__Records for processing__

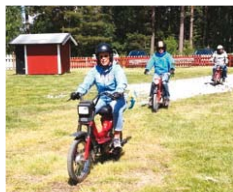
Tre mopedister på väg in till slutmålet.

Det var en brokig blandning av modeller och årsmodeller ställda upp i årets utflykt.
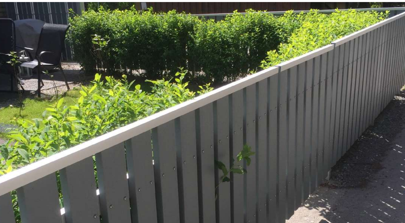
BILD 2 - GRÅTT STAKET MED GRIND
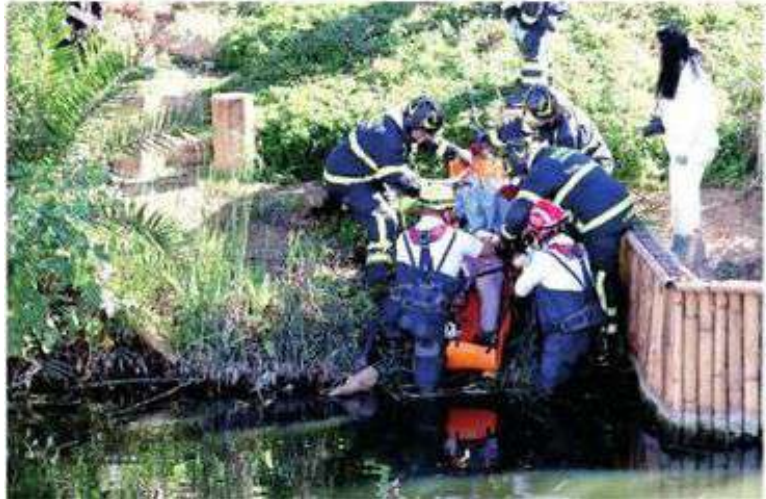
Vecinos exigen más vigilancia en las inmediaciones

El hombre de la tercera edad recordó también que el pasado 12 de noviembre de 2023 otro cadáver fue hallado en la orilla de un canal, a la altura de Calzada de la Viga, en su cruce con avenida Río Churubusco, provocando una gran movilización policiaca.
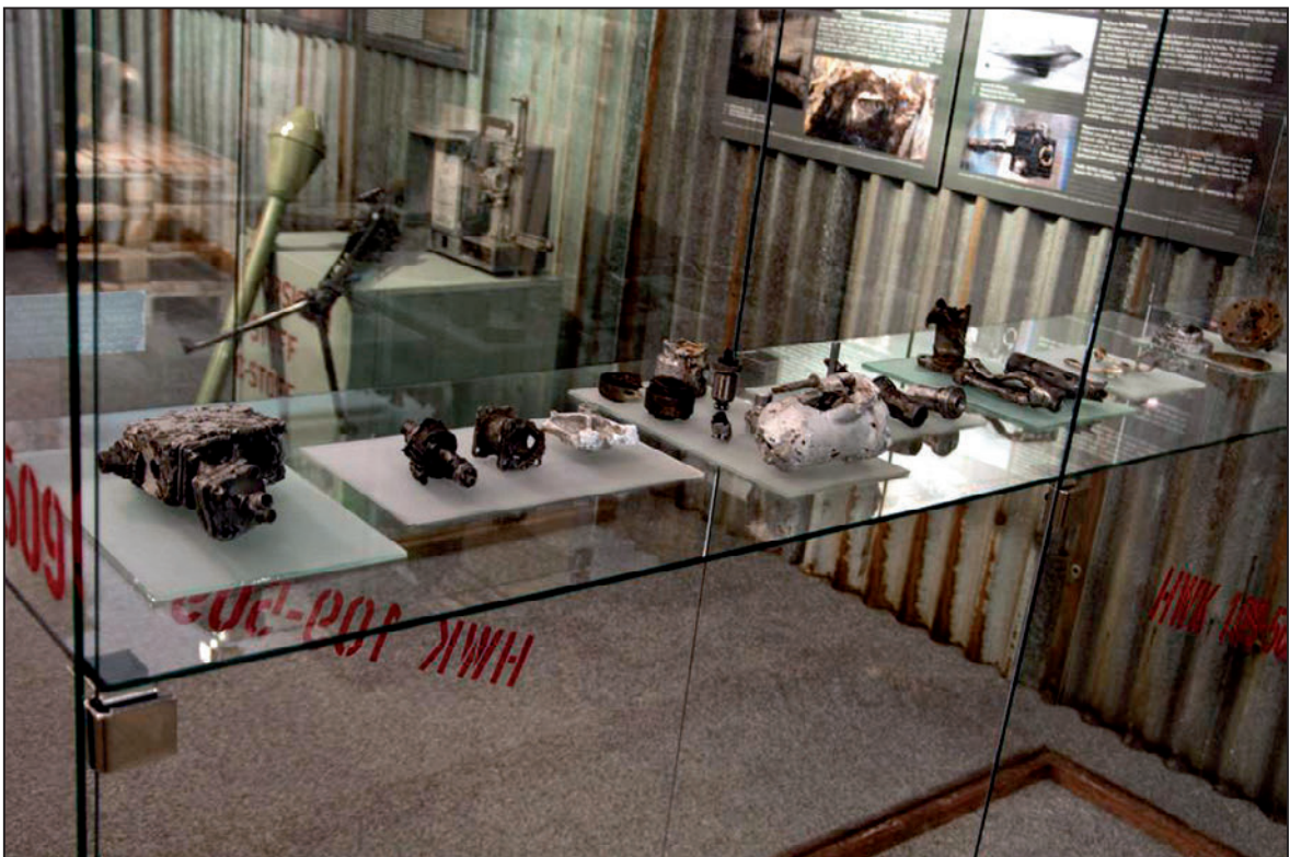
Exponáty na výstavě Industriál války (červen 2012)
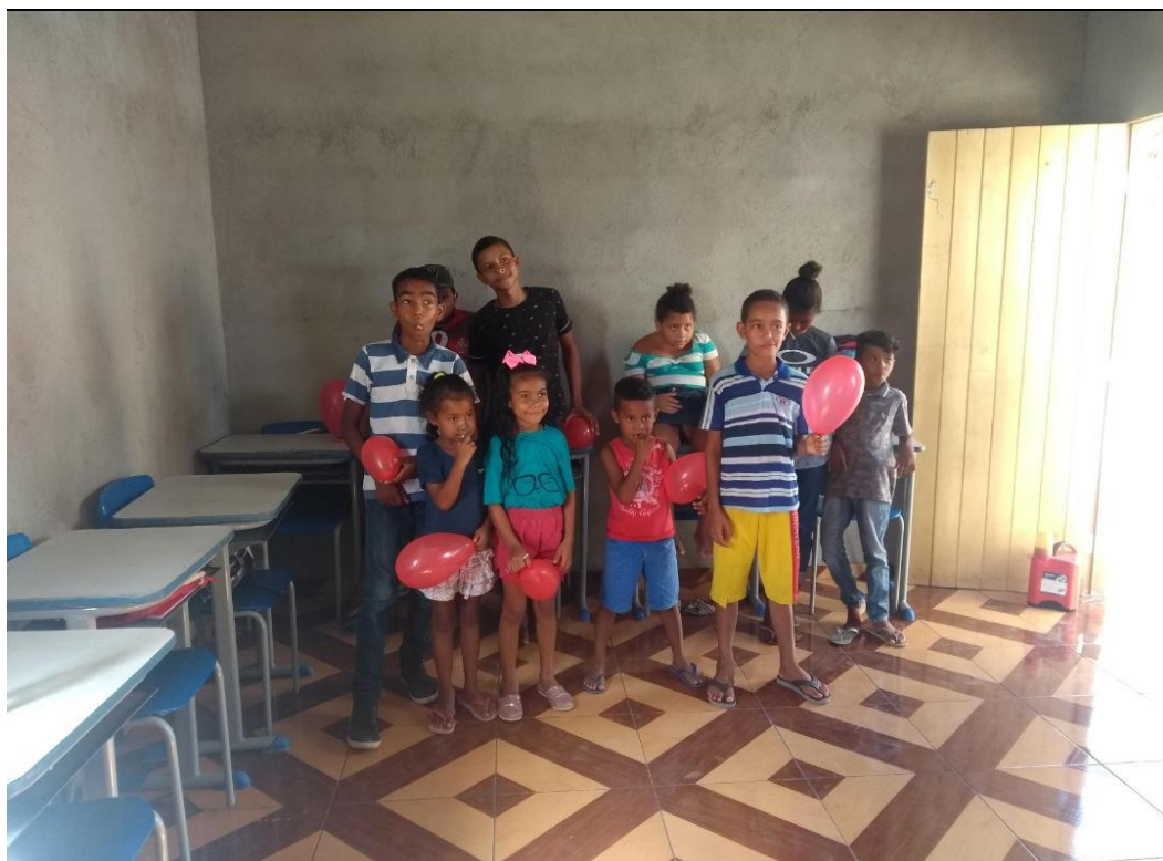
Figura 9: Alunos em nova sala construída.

__Brief__
When a picture appears in the material, please pass over it while retyping the rest exactly.

__Output for this task__
Tre mopedister på väg in till slutmålet.

Det var en brokig blandning av modeller och årsmodeller ställda upp i årets utflykt.
BILD 2 - GRÅTT STAKET MED GRIND
Vecinos exigen más vigilancia en las inmediaciones

El hombre de la tercera edad recordó también que el pasado 12 de noviembre de 2023 otro cadáver fue hallado en la orilla de un canal, a la altura de Calzada de la Viga, en su cruce con avenida Río Churubusco, provocando una gran movilización policiaca.
Exponáty na výstavě Industriál války (červen 2012)
Figura 9: Alunos em nova sala construída.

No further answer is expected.